Whilst no therapies have been developed specifically for treating speech and language conditions associated with single gene variants to date, there are evidence based treatments for available for certain communication disorders. At present, a child's individual speech pathology clinician will assess the child and develop a personally tailored intervention plan.

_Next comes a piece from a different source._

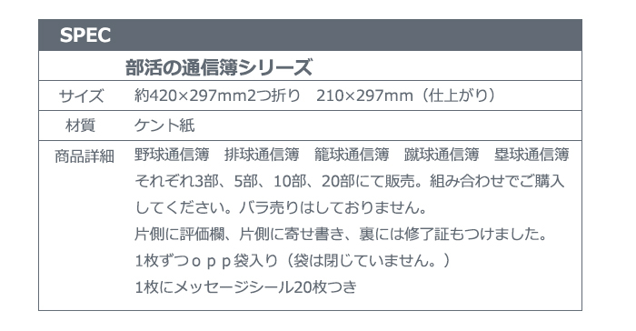 部活の通信簿 3部入り記念品寄せ書き 野球 排球 籠球 蹴球 塁球
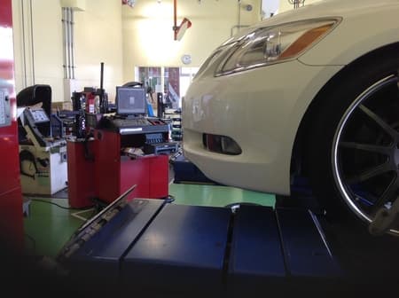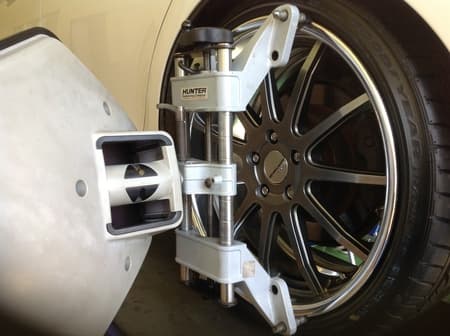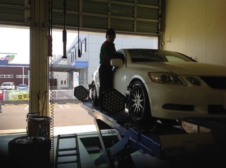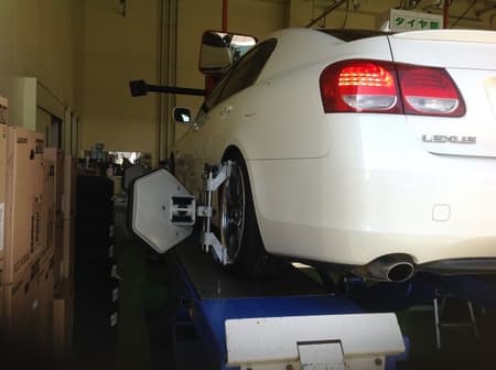 依頼を受け、ホイールを専門業者に修理していただき、幸い足廻りの変形もなかったため我らがシティハンター石塚リョウがアライメントを測定し、ホイールが歪んでしまう程のダメージを確認、調整!

*Please note that all treatment options need to be discussed with your speech pathologist to ensure that they are right for you/ your child*

To date, The Nuffield Dyspraxia Programme (NDP) and Rapid Syllable Transition Treatment (ReST) have the highest level of evidence when treating childhood apraxia of speech.

Professor Tricia McCabe and The University of Sydney are currently completing clinical trials on the efficacy of apraxia of speech treatments. For more information about these trials, please follow the link below.

For more information about the above treatments mentioned, please see below;

    • Morgan, A.T., Murray, E & Liégeois (2018). Interventions for childhood apraxia of speech. Cochrane Database of Systematic Reviews. doi: 10.1002/14651858.CD006278.pub3.
    • Murray, E., McCabe, P., & Ballard, K.J. (2015). A Randomized Controlled Trial for Children With Childhood Apraxia of Speech Comparing Rapid Syllable Transition Treatment and the Nuffield Dyspraxia Programme-Third Edition. Journal of Speech, Language and Hearing Research, 58(3), 669-686.                                                 
    • University of Sydney. (2018). Rapid Syllable Transition Treatment
    • The Nuffield Dyspraxia Programme (NDP).                              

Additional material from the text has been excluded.